(Saved data entries)
= = = = = = =

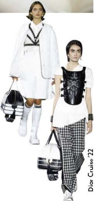
Dior Cruise '22

หยิบใช้บ่อยๆ รวมไปถึงลวดลายโลโก้ "Christian Dior" ชวนให้นึกถึงความสำเร็จของกระเป๋า Dior Book Tote อีกหนึ่งงานออกแบบชิ้นไอคอนของเธอ
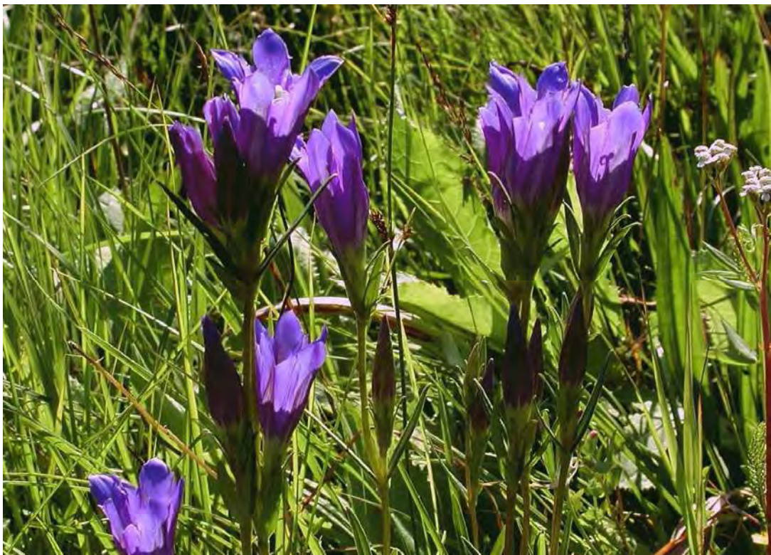
Abbildung 9: Der stark gefährdete Lungen-Enzian ( Gentiana pneumonanthe ), eine typische Art der Pfeifengraswiesen.

* Art-Angaben mit * versehen sind nach Fritz Winsauer, Thüringen.
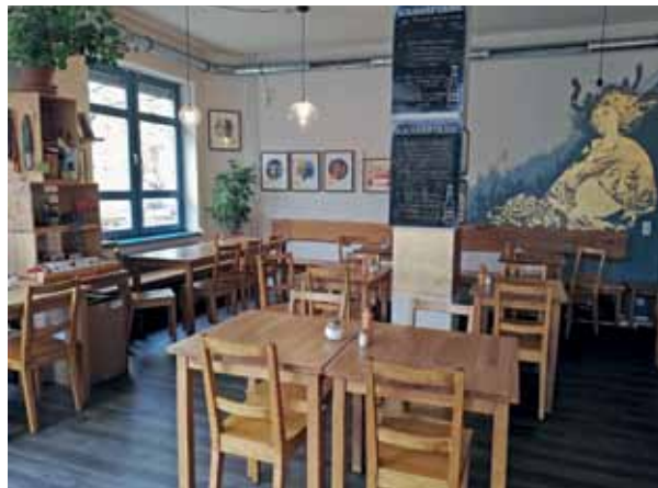
Beliebtes Café mit Mittagstisch: das Café Freysinn.

In ihrer Ablehnung von bestimmten Geschäften sind sich die Mitglieder der Bürgerredaktion relativ einig. Sie wählten verschiedene Bezeichnungen, meinten aber alle das gleiche. Die Wettbüros, Casinos, Spielhallen, Spielotheken tragen nichts für den Kiez bei und sollten ihrer Meinung nach schließen. Für manche gibt es zu viele Friseurateliers im Brunnenviertel, andere mögen die Spätis nicht, wieder andere wünschten sich, dass die Shisha-Bars aus dem Kiez verschwinden. Die mehrfach geäußerte Kritik am Weinhändler in der Wattstraße Ecke Usedomer Stra-
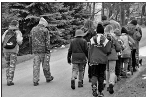
Klepání skupiny Kopce na Bílou sobotu, vzadu vlevo dohlíží stárek s mládkem. Radějov 30. 3. 2013.

Každému věku a z toho plynoucím odchozeným létům klepání přísluší určitý klepací nástroj. Jak již bylo řečeno, nejvýznamnější jsou u skupiny Kopce hrušky , náležející stárkovi. U nejstarší generace však platily za běžný nástroj, a to v pořadí druhý nejdůležitější. V současnosti se na Dědině i v Hoštákách výjimečně také objevují, věk a postavení jejich nositelů v rámci kolektivu je však libovolný. Táčky jsou tradičně určeny mládkovi a stárkovi, popřípadě dalším nejstarším klepáčům. Jsou nejhlučnějším, a tudíž nejprestižnějším klepadlem. K táčkám se měl člověk propracovat. Protože však jsou tak žádané, domáhá se jich v současnosti mnoho dětí a jejich věk a zásluhy často nejsou zohledňovány. Táčky mají podobu trakaře. Na společné ose s kolečkem trakaře jsou umístěna ozubená kola, která při otáčení narážejí na dřevěné desky s funkcí pružiny. Výška tónu závisí
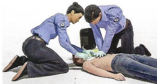
Figura 3. El reanimador coloca los parches del DEA en la víctima y después, conecta los electrodos al DEA
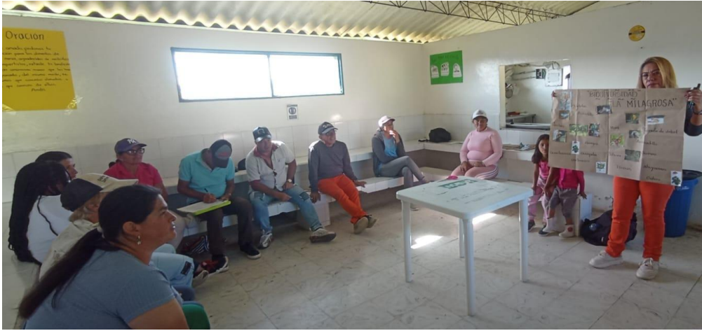
Figura 37. Ilustración de la biodiversidad de la vereda Quebradona Arriba. Encuentro de mujeres durante febrero del 2024

Encuentro comunitario en la Milagrosa sobre biodiversidad durante febrero del 2024
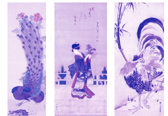
岡本秋暉 芙蓉孔雀図 喜多川歌麿 橋台持ち娘立姿図 曾我蕭白 竹に鶏図 いずれも滴水軒記念文化振興財団蔵
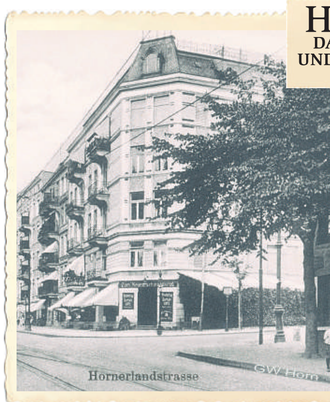
Um 1905 prägte Jugendstil das Bild der Horner Landstraße

Um der stetig wachsenden Einwohnerzahl gerecht zu werden, begann man, meist fünfgeschossige Wohnhäuser – größtenteils in sogenannter Schlitzbauweise – zu errichten. Diese Wohngebäude mit ihrem T-förmigen Grundriss ergaben in der Aneinanderreihung eine friesartige, zur Hofseite mit schmalen Lichtschlitzen versehene Gebäudekette. Dieser Bautyp fand auch an anderen Stellen im aufstrebenden Horn Anwendung, z.B. in der Hertogestraße (zerstört), am Beginn der Horner Landstraße hinter der Brücke der Güterumgehungsbahn (zerstört) und am Ende mit den heutigen Nummern 437/439
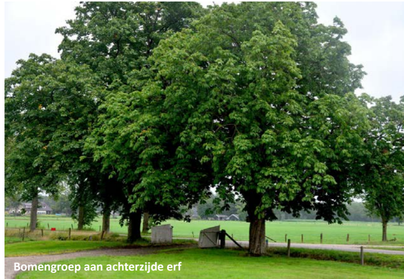
Bomengroep aan achterzijde erf
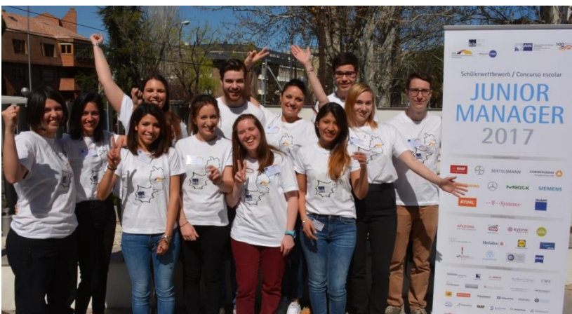
Azubis der FEDA Madrid organisieren den Business-Wettbewerb 2017 mit der AHK Spanien und Liebherr Ibérica
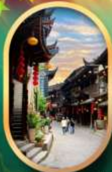
เมืองโบราณฟูหลงเจิน
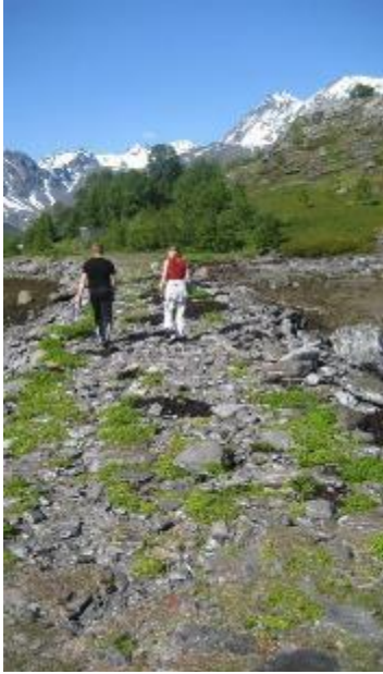
Moloen i 2010
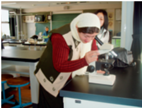
顕微鏡を用いての細胞観察 (附属中等教育学校)

は一生の思い出です。生きている限り忘れません。ここで学んだこと経験したことをアフガニスタンで実践してゆきたい。」と感想が述べられました。
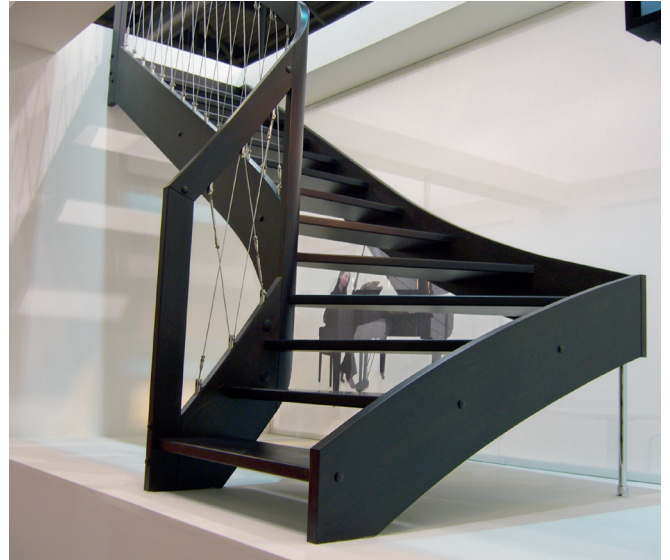
Die Kombination aus Edelstahl und massivem Holz zeichnet die individuell gefertigte Treppe aus. Farbe und Holzart können nach persönlichem Geschmack gewählt werden.
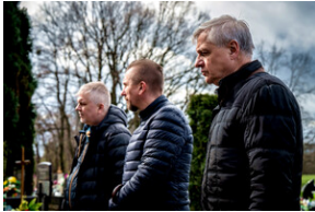
Institut Pamięci Narodowej oddał hołd rodzinie Zimoniów z Rybnika - Rybnik, 25 marca 2024.
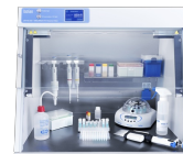
UVT-B-AR With built in socket and inlet for power cords PĶR (PCR) kabinets

UVT-B-AR ir UV gaismas DNS/RNS attīrīšanas kabinets, kas paredzēts, lai radītu tīru, no piesārņojuma brīvu vidi PĶR (PCR) paraugu sagatavošanai un citām ar nukleīnskābēm saistītām darbībām.
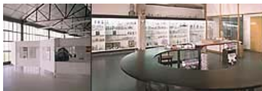
Imagen 7: Galería de ventas de la fábrica

El complejo industrial de Cerámicas do Castro, fundado por Isaac Díaz Pardo, se abrió en el año 1949, está situado en el Castro de Samoedo (Sada A Coruña). Al principio se limitaba a hacer series muy limitadas originales de artistas,
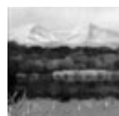
奥田元宋 《磐梯初秋》
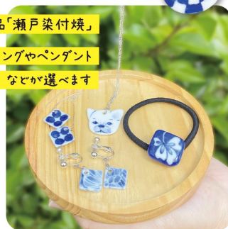
伝統的工芸品「瀬戸染付焼」イヤリングやペンダントなどが選べます
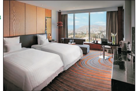
Pullman Vung Tau Hotel
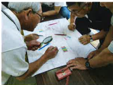
自治会ごとに作成している 大和川地区住協 【大和川若山・白地大和川自治会】
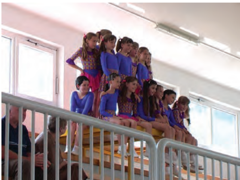
Tudi druge je lepo gledati
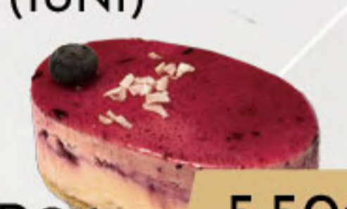
PO6. 5.50€ COCO Y FRUTOS DEL BOSQUE
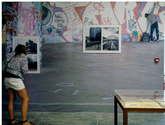
Vue de l'exposition de l'OMA au pavillon central des Giardini

= = = = = = =

## WHAT THE TASK ASKS
Copy only this from above: the line containing "Abbildung 9: Der", the line containing "Klepání skupiny Kopce", and all lines between, printed exactly. Leave out the pictures.

## ANSWER TO THIS EXERCISE
Abbildung 9: Der stark gefährdete Lungen-Enzian ( Gentiana pneumonanthe ), eine typische Art der Pfeifengraswiesen.

* Art-Angaben mit * versehen sind nach Fritz Winsauer, Thüringen.
Beliebtes Café mit Mittagstisch: das Café Freysinn.

In ihrer Ablehnung von bestimmten Geschäften sind sich die Mitglieder der Bürgerredaktion relativ einig. Sie wählten verschiedene Bezeichnungen, meinten aber alle das gleiche. Die Wettbüros, Casinos, Spielhallen, Spielotheken tragen nichts für den Kiez bei und sollten ihrer Meinung nach schließen. Für manche gibt es zu viele Friseurateliers im Brunnenviertel, andere mögen die Spätis nicht, wieder andere wünschten sich, dass die Shisha-Bars aus dem Kiez verschwinden. Die mehrfach geäußerte Kritik am Weinhändler in der Wattstraße Ecke Usedomer Stra-
Klepání skupiny Kopce na Bílou sobotu, vzadu vlevo dohlíží stárek s mládkem. Radějov 30. 3. 2013.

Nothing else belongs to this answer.